● BRIEF:
Return the data verbatim, without pictures.

● DATA SEGMENT:
━━━━

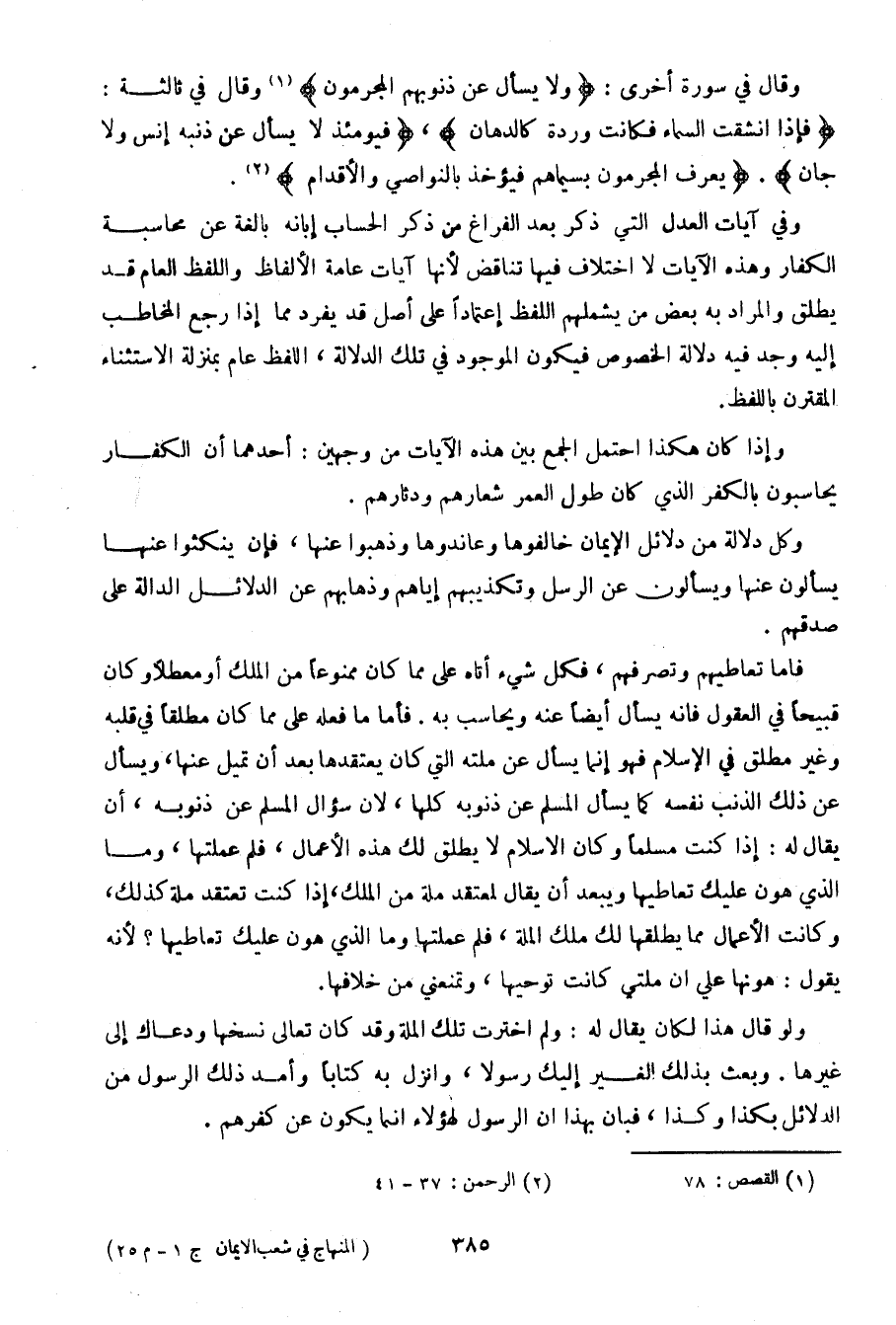 وفي آيات العدل التي ذكر بعد الفراغ من ذكر الحساب إبانه بالغة عن محاسبة الكفار وهذه الآيات لا اختلاف فيها تناقض لأنها آيات عامة الألفاظ واللفظ العام قد يطلق والمراد به بعض من يشملهم اللفظ اعتمادا على أصل قد يفرد مما إذا رجع المخاطب إليه وجد فيه دلالة الخصوص فيكون الموجود في تلك الدلالة، اللفظ عام بمنزلة الاستثناء المقترن باللفظ.
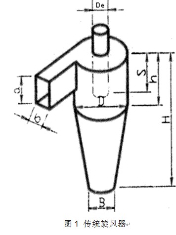 旋風(fēng)器中用的_多的是切向進(jìn)口形成的旋風(fēng)器 ( 如圖 1) ,這種旋風(fēng)器通常可以用以筒體直徑 D 為比值的結(jié)構(gòu)參數(shù) ( 無(wú)因次結(jié)構(gòu)參數(shù) ) 來(lái)設(shè)計(jì)。由于 Stairmand 型 ( _型 ) 研究數(shù)據(jù)比較完整和應(yīng)用中的有效性,許多研究者把自己改進(jìn)旋風(fēng)器與其作性能對(duì)比[ 1 ] 。
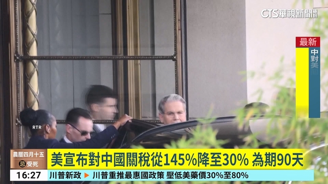美國財政部長貝森特表示,美中已經針對關稅暫緩90天達成協議,雙方將在90天內互相下調115%的關稅。等於各自降到30%和10%,實施期間為90天。
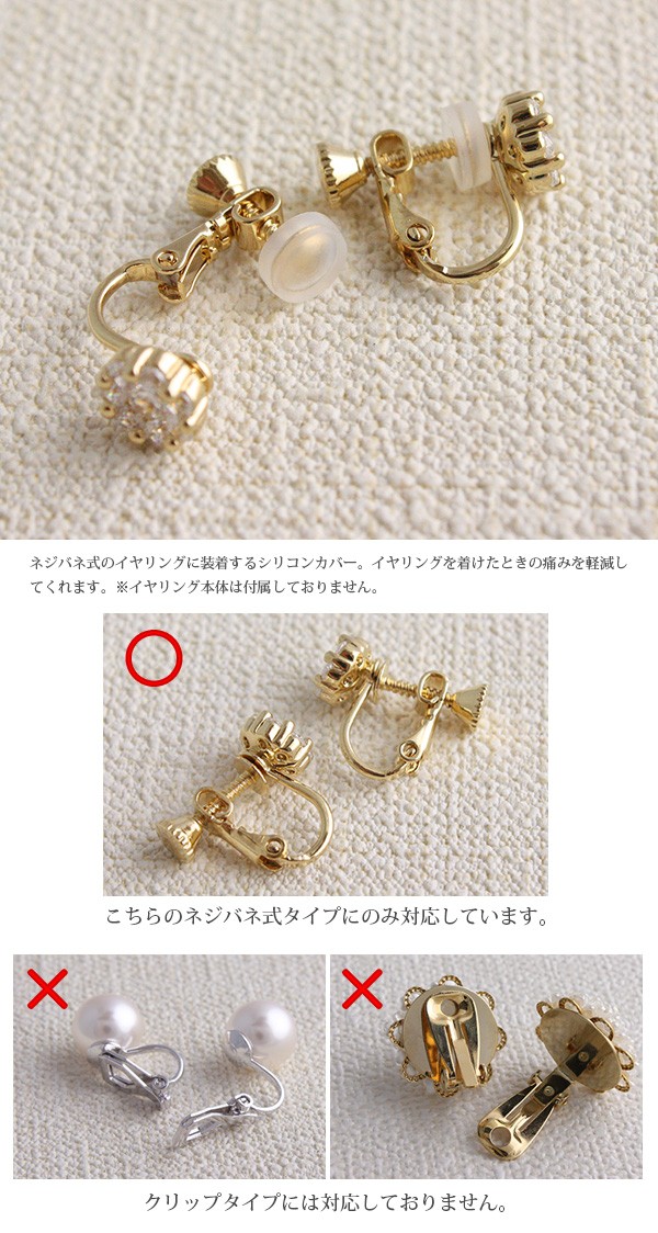 ネジバネ式のイヤリングに装着するシリコンカバー。イヤリングを着けたときの痛みを軽減してくれます。

━━━━

● EXERCISE SOLUTION:
 وفي آيات العدل التي ذكر بعد الفراغ من ذكر الحساب إبانه بالغة عن محاسبة الكفار وهذه الآيات لا اختلاف فيها تناقض لأنها آيات عامة الألفاظ واللفظ العام قد يطلق والمراد به بعض من يشملهم اللفظ اعتمادا على أصل قد يفرد مما إذا رجع المخاطب إليه وجد فيه دلالة الخصوص فيكون الموجود في تلك الدلالة، اللفظ عام بمنزلة الاستثناء المقترن باللفظ.
 旋風(fēng)器中用的_多的是切向進(jìn)口形成的旋風(fēng)器 ( 如圖 1) ,這種旋風(fēng)器通常可以用以筒體直徑 D 為比值的結(jié)構(gòu)參數(shù) ( 無(wú)因次結(jié)構(gòu)參數(shù) ) 來(lái)設(shè)計(jì)。由于 Stairmand 型 ( _型 ) 研究數(shù)據(jù)比較完整和應(yīng)用中的有效性,許多研究者把自己改進(jìn)旋風(fēng)器與其作性能對(duì)比[ 1 ] 。
美國財政部長貝森特表示,美中已經針對關稅暫緩90天達成協議,雙方將在90天內互相下調115%的關稅。等於各自降到30%和10%,實施期間為90天。
 ネジバネ式のイヤリングに装着するシリコンカバー。イヤリングを着けたときの痛みを軽減してくれます。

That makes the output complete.